The default behavior of Ray Serve only creates ProxyActor on Ray Pods with running Ray Serve replicas. To illustrate, the following example serves one simple Ray Serve app using RayService.
Step 1: Create a Kubernetes cluster with Kind#
kind create cluster --image=kindest/node:v1.26.0
Step 2: Install the KubeRay operator#
Follow this document to install the latest stable KubeRay operator using Helm repository.

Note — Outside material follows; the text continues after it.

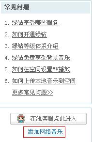 1.进入空间,点音乐盒--添加背景音乐 (在右侧)—添加网络音乐 (把网页往下拉,在最下面,同样在右侧)

Step 3: Install a RayService#
curl -O https://raw.githubusercontent.com/ray-project/kuberay/master/ray-operator/config/samples/ray-service.no-ray-serve-replica.yaml
kubectl apply -f ray-service.no-ray-serve-replica.yaml
Look at the Ray Serve configuration serveConfigV2
embedded in the RayService YAML. Notice the only deployment in deployments
of the application named simple_app
:
num_replicas
: Controls the number of replicas, that handle requests to this deployment, to run. Initialize to 1 to ensure the overall number of the Ray Serve replicas is 1.max_replicas_per_node
: Controls the maximum number of replicas on a single pod.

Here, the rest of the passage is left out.